Das Beratungsunternehmen erwartet, dass GLP-1-Produkte auch den Insulinmarkt stark bedrohen – zum einen durch ihre direkte positive Wirkung auf den Blutzuckerspiegel, zum anderen durch ihren Einfluss auf Patienten ohne Diabetes, die andernfalls einen Typ-2-Diabetes entwickelt hätten. „Unter Berücksichtigung von hochwertigen Studiendaten zur Verringerung der Zahl von Prädiabetes-Patienten gehen wir von einem Rückgang der Gesamtnachfrage nach Insulin bei Typ-2-Diabetes um fünf Prozent aus“, meinte Leschinsky.

Eine ähnliche Situation könnte sich aufgrund der positiven Wirkung von GLP-1-Produkten bei Herzerkrankungen auch am Markt für Herzmedikamente ergeben.

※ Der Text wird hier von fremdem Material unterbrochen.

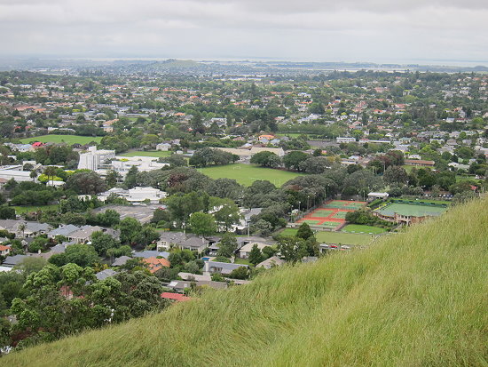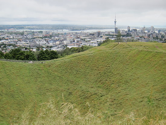 離開那天上午,搭公車去Mt Eden。親眼目睹才看得出壯觀的火山口,繞著走一圈。奧克蘭盡收眼底,火山多、房子多、樹多,綠色之城。
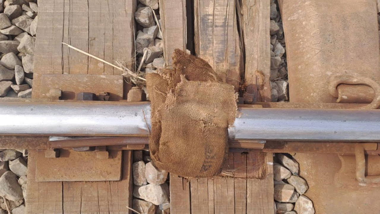 নাটোরের লোকমানপুর স্টেশন সংলগ্ন এলাকায় রেললাইন ভেঙে যাওয়ায় ভাঙা লাইনে পাটের বস্তা গুঁজে ধীরগতিতে ট্রেন চলাচল করছে।
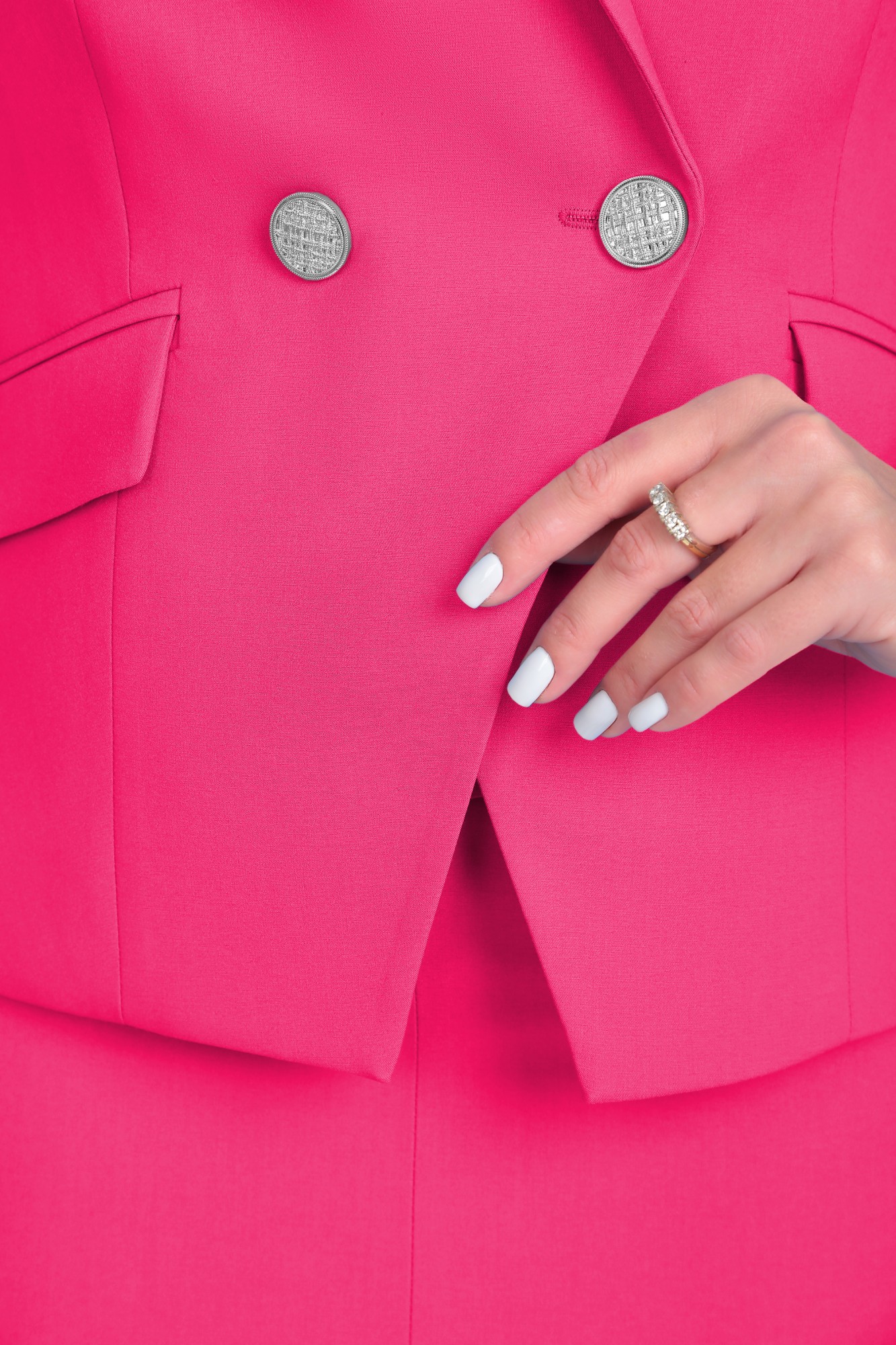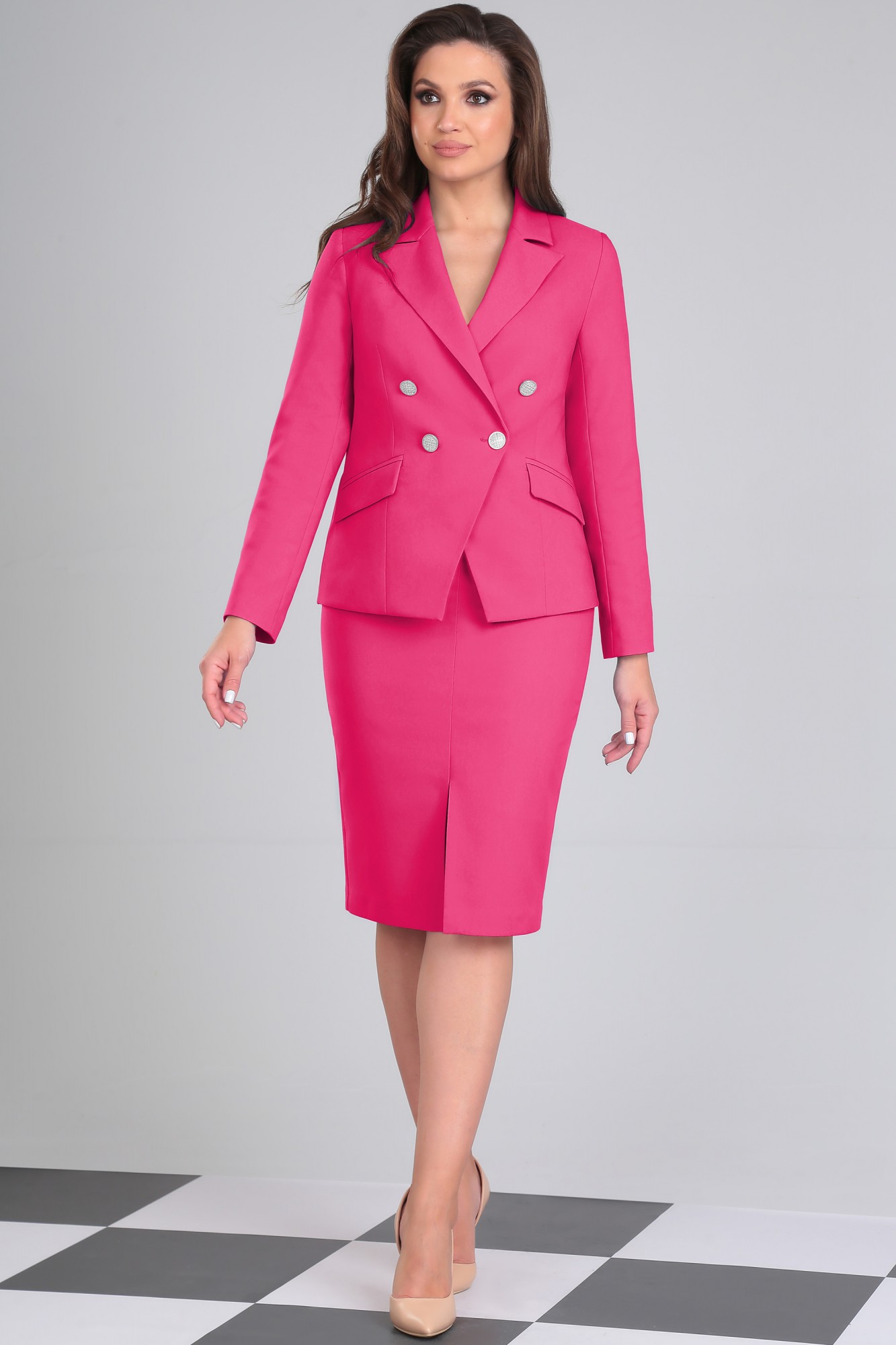 Комплект женский состоящий из жакета, юбки и блузки на бретелях. Жакет полуприлегающего силуэта на подкладке. По переду нагрудная выточка и прорезные функциональные карманы с клапаном. По спинке вертикальные рельефы из проймы и средний шов. Застежка ассиметричная (сверху двубортная, снизу однобортная) бортовая застегивающаяся на петли и декоративные пуговицы. Воротник пиджачного типа. Рукав втачной двухшовный длинный. Юбка на подкладке зауженная к низу на обтачке( без пояса). По переду фигурная кокетка и средний шов с разрезом. Застежка на потайную тесьму-молнию в среднем шве спинки.Топ из трикотажного полотна на узких регулируемых бретелях.

Kearney analysierte dazu aktuelle Daten: Das Antidiabetikum Semaglutid (GLP-1-Analogon) konnte nicht-tödliche Herzinfarkte um 28% reduzieren, herkömmliche Medikamente „nur“ um 25%. Außerdem deuten erste Daten darauf hin, dass sich die Zahl der Kniegelenkersatzoperationen bei Patienten, die GLP-1 erhalten, aufgrund der Gewichtsabnahme halbiert, was zu einem stetigen Rückgang an Operationen führen kann.

Pharmabranche im Umbruch
„Man kann sagen, GLP-1 ist der neue, große, disruptive Faktor in der Pharmabranche“, betont Leschinsky, der damit rechnet, dass die Aktien der Wirkstoff-Hersteller hingegen noch weiter steigen werden.

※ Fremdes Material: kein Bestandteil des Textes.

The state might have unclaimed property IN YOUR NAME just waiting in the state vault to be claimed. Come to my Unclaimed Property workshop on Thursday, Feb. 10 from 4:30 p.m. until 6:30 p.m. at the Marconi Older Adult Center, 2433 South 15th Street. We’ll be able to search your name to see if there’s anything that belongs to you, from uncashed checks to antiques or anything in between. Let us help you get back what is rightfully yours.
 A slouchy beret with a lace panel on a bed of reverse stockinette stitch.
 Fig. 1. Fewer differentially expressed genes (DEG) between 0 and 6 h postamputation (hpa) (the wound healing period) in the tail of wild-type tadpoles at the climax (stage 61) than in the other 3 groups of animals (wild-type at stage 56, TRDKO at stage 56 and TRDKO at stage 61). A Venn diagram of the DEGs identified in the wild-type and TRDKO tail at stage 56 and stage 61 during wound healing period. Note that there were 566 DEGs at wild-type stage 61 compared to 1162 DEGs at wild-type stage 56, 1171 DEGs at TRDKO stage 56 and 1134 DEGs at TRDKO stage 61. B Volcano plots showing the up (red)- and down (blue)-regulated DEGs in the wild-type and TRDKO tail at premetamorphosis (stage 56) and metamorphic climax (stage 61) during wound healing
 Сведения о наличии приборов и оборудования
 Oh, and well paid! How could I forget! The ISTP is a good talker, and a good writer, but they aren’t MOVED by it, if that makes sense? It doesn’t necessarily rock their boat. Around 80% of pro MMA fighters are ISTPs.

Vom Geschäft gegen die Fettleibigkeit könnte auch bald das deutsche Pharmaunternehmen Boehringer Ingelheim profitieren. Der Konzern will eine neue Abnehmpille auf den Markt bringen, die neben GLP-1 auch eine Glukagon-artige Komponente enthält, die den Energieverbrauch im Körper erhöht. Mit seinem neuen Wirkstoff Survodutide will Boehringer Ingelheim damit nicht nur bei der Gewichtsreduktion helfen, sondern auch die Fettleberentzündung, die durch Stoffwechselerkrankungen auftritt, besser adressieren.

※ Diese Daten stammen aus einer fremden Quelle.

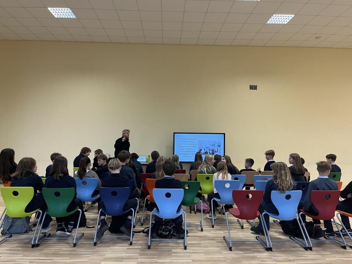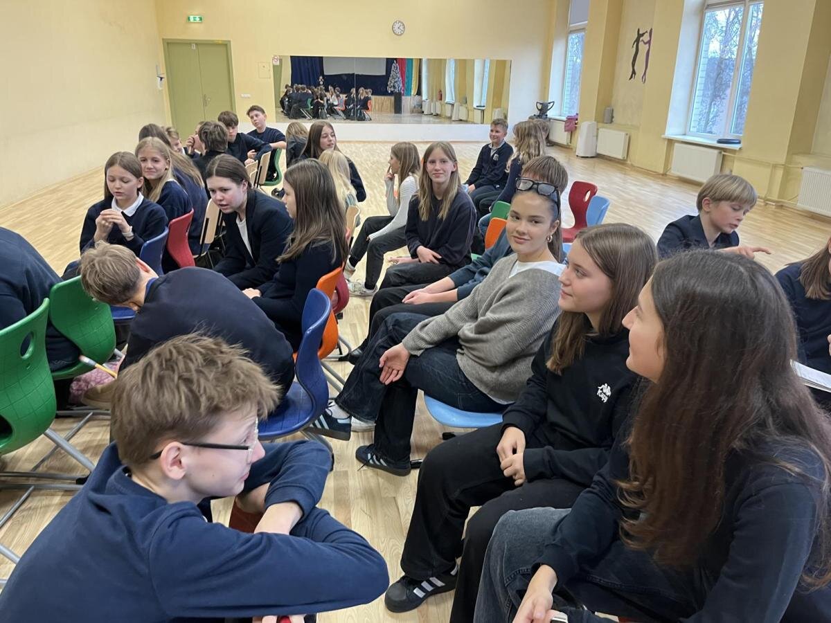 Ką gali mokiniai? Kokias problemas jie yra pajėgūs išspręsti? Kokius projektus geba sukurti ir įgyvendinti? Į šiuos ir panašius klausimus atsakinėjo Mokinių savivaldos nariai gruodžio 10 d. vykusiuose lyderystės mokymuose. Mokymus vedė Kipras Šumskas, tarptautinės jaunųjų kūrėjų akceleravimo programos „Vista“ įgyvendinimo Lietuvoje projekto vadovas. Jo padedami progimnazijos Mokinių savivaldos nariai dalijosi idėjomis apie jų pačių pastebėtų mokyklos problemų sprendimo būdus ir sužinojo, ką jų amžiaus mokiniai prasmingo ir įdomaus veikia kitose pasaulio šalyse.
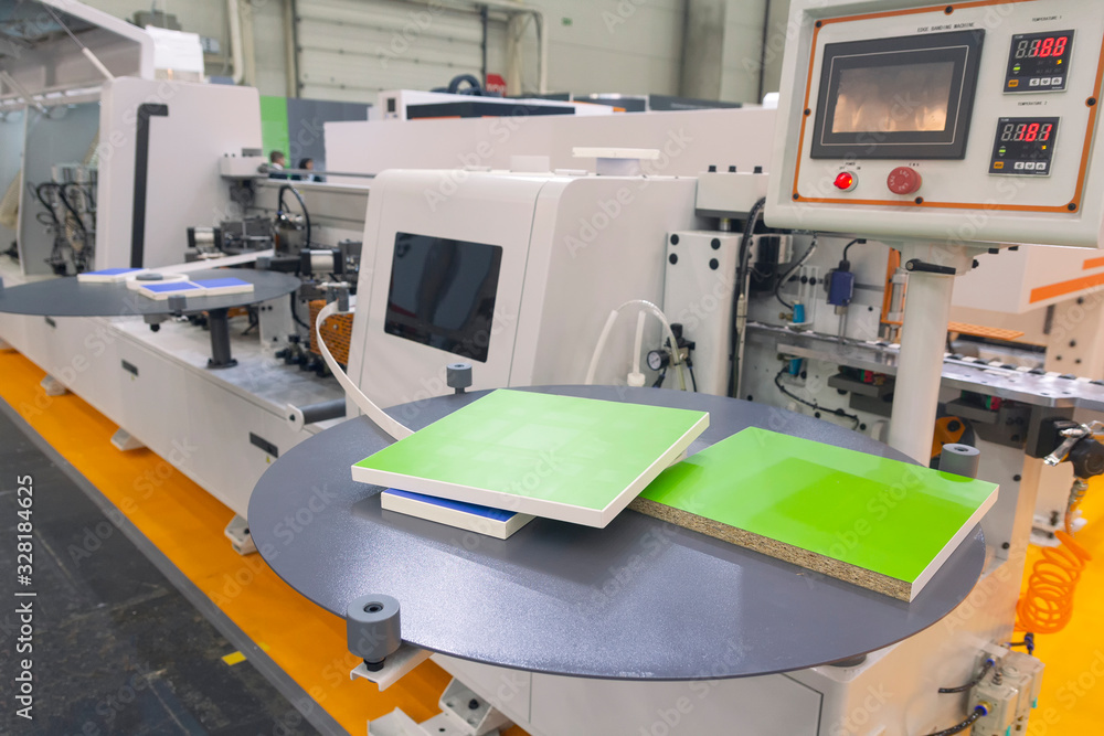 Production line of the furniture factory. Automatic CNC woodworking machine. industry
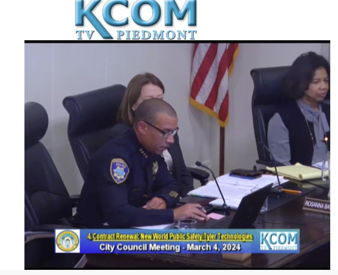 The majority of the meeting was spent discussing the Piedmont Police Department’s contract with Tyler Technologies, specifically a new application launched March 1 called Citizen Connect that provides near real-time incident updates on a digital map.
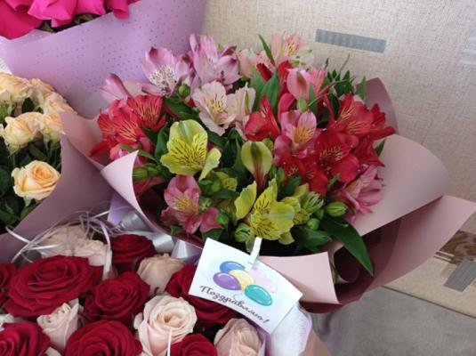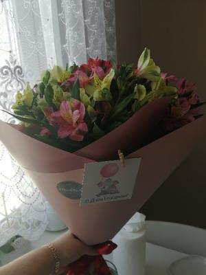 - К букету мы можем прикрепить мини-открытку с посланием (стоимость 1,70 р). Примеры открыток здесь
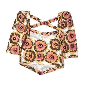Free People Give Me More Multi Floral Ivory Combo Crop Top Size Small
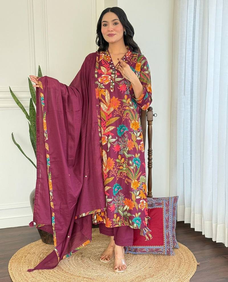 | Product Name | Floral Embroidered Maroon V Neck Pure Cotton Kurta Set With Trouser & Dupatta | |

Das sind alles Entwicklungen, die zeigen, welche wirtschaftliche Macht GLP-1 hat. In den USA hängen immerhin jährlich rund 300 Mrd. USD der Ausgaben im Gesundheitswesen mit Adipositas zusammen. Ob es weitere Indikationsbereiche mit ähnlichem wirtschaftlichen Potenzial gibt, ist laut Leschinsky „bisher schwer zu sagen“. Er rechnet nicht damit, dass es auf mittelfristige Sicht etwas ähnliches wie den „GLP-1-Hype“ geben wird. Wirtschaftliches Potenzial sieht er allerdings in personalisierten Impfstoffen gegen Krebs (Cancer Vaccines).